Iconoclastic South Philly bar deserves it

It takes bravery to even profess your loyalty to a team other than the Eagles when you’re surrounded by Philly fans, but to devote a whole bar to one of the enemies? That’s an act of pure chutzpah.

The ownership of Big Charlie’s Saloon has been doing it for more than four decades. Since the 1970s, ever since late founder Charlie Stacio won a bet on Kansas City, the tavern at 11th and McKean has been Chiefs territory — and that kind of die hard dedication deserves a win.

Jason Kelce’s brother

Eagles center Jason Kelce became the breakout star of Philly’s Super Bowl win after the heartfelt, rousing (NSFW) speech he gave from the Art Museum steps during the victory parade. It’d be pretty satisfying to see him so overcome with emotion again — which there’s little doubt will happen if the Chiefs pull it off.

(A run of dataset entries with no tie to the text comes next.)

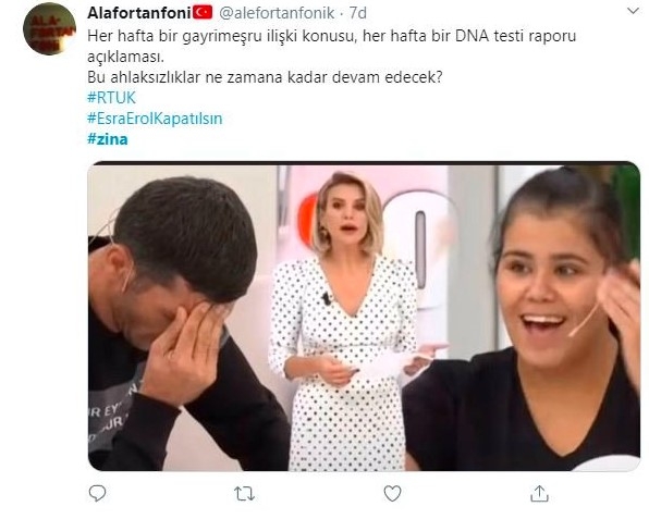 28 Eylül 2020 Pazartesi 10:41KARAR SONRASI SEVİÇTEN HAVALARA UÇTUEsra Erol’un sunduğu Esra Erol’da programına katılan Ferdi Karakuş, DNA testi sonucunda kızının eşi Esra Karakuş’tan değil, eşinden 28 yaş büyük Cengiz isimli komşularından olduğunu öğrenmiş. DNA testi sonucunu öğrenen Esra Karakuş sevinçten havalara uçarak “Şu an şükür elhamdülillah diyorum” ifadelerini kullanmıştı.
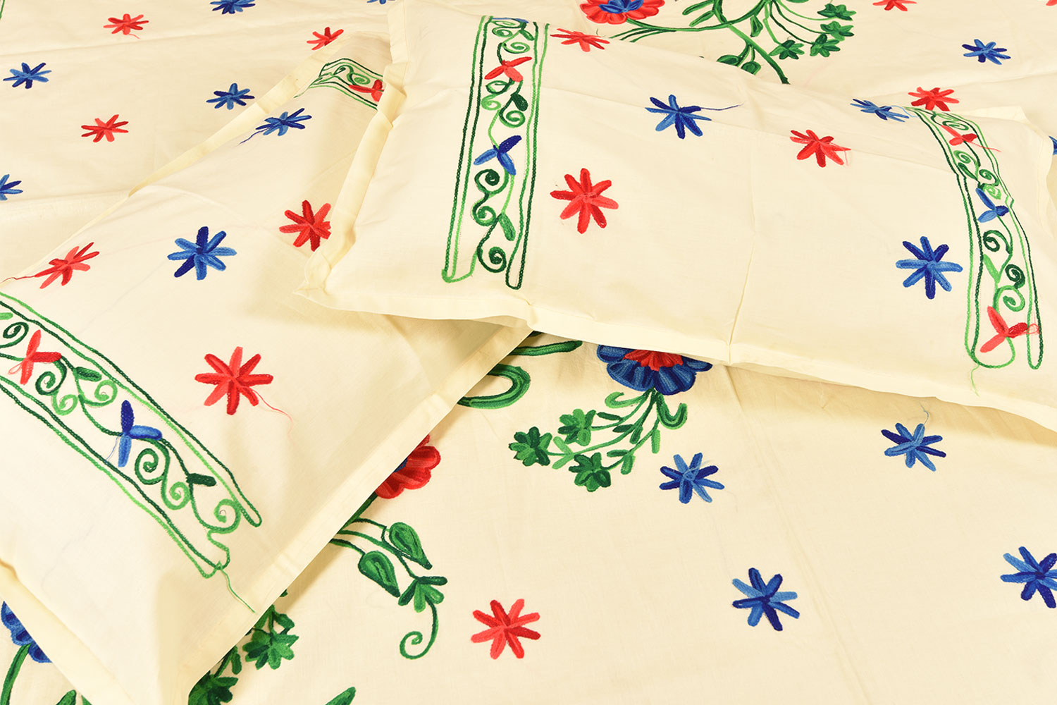 Cream Bed Linen with Multicolor Floral Design . Hand crafted supporting eye capturing designs and colours.
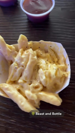 Read moreBeast burger is amazing, definitely one of the better burgers I've ever had! Fries were good, cooked well just not my particular cup of tea and the reasoning is when you're enjoying a burger of this magnitude of taste you don't want your experience of eating fries to feel like reaching into a bag of chips to gather the smaller ones to dip. That's kind of what you get with their fries. They were good. Cooked well and did the job, just not the type I'd have with this type of burger. You got a bombing burger with more crispier steak n shake fries. This is my personal taste no shade at the restaurant. The fried pickles were good, the ranch was a tad sweeter than I expected but got the job done. Not a home run, I've seen better (ranch) but again no shade to the establishment it was good and I finished my meal and felt full so props to the owners of beast n bottle. Now is this an establishment I'd eat everyday? If I lived in the area more than likely. The table cloth had some dried out sauce on it. Better idea for atmosphere: interchangeable plastic cloths. Other than that cozy atmosphere friendly staff. We didn't check out the bar but the area looked nice.
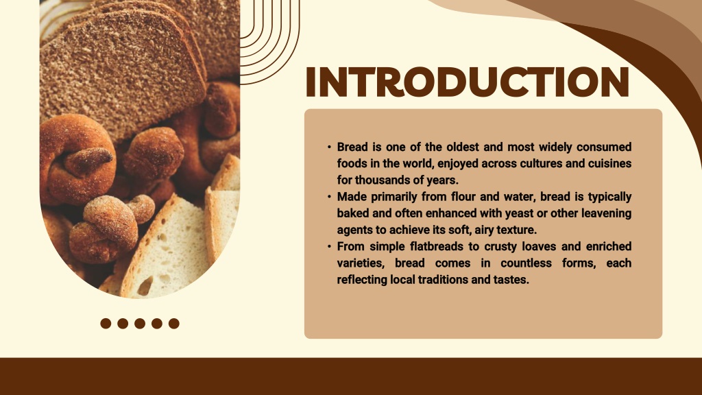 INTRODUCTION • Bread is one of the oldest and most widely consumed foods in the world, enjoyed across cultures and cuisines for thousands of years. • Made primarily from flour and water, bread is typically baked and often enhanced with yeast or other leavening agents to achieve its soft, airy texture. • From simple flatbreads to crusty loaves and enriched varieties, bread comes in countless forms, each reflecting local traditions and tastes.

Why? Kelce’s baby brother Travis is a tight end for Kansas City. Just two years apart in age, the duo grew up together in Cleveland Heights, Ohio, and are still extremely close.

There’s even a bobblehead commemorating the Pro Bowler siblings.

LeSean McCoy wants to retire an Eagle

Chiefs running back LeSean McCoy has had his share of public squabbles in Philly.

The former Eagles starter, who was drafted onto the team in 2009, caught major flack for leaving a 20-cent tip at a Northern Liberties restaurant during his last year here. After he was traded to Buffalo, he returned on visit and got into a physical fight with off-duty police officers outside an Old City bar.

But it turns out that Shady, who holds the Eagles franchise record for rushing with 6,792 total yards, considers himself a Philadelphian at heart. During a press conference last week, he said he wanted to retire as an Eagle.

Lots of other former Eagles are on the Chiefs

NFL rosters move around a lot, so it’s not surprising some former Eagles are currently suiting up for Kansas City. What is notable is how many — although you can credit Reid with purposely bringing some of them in.

In addition to McCoy, at least eight players and coaches have been on the Birds’ payroll at some point in the past couple decades, according to NJ.com. That includes Stephen Wisniewski, an instrumental part of Philly’s Super Bowl win.

The Niners appropriated Boyz II Men

It’s better to be a booster than a hater, but in the negative column for San Francisco is the horror Philly fans felt seeing Boyz II Men dressed in 49ers gear.

The Philadelphia hip-hop legends were tapped to sing the national anthem at Levi’s Stadium, kicking off the NFC Championship game that ended up sending the Niners to the Big Game.

Sorry, but “Motown San Francisco” just doesn’t have the same ring. Chiefs Kingdom, go get some.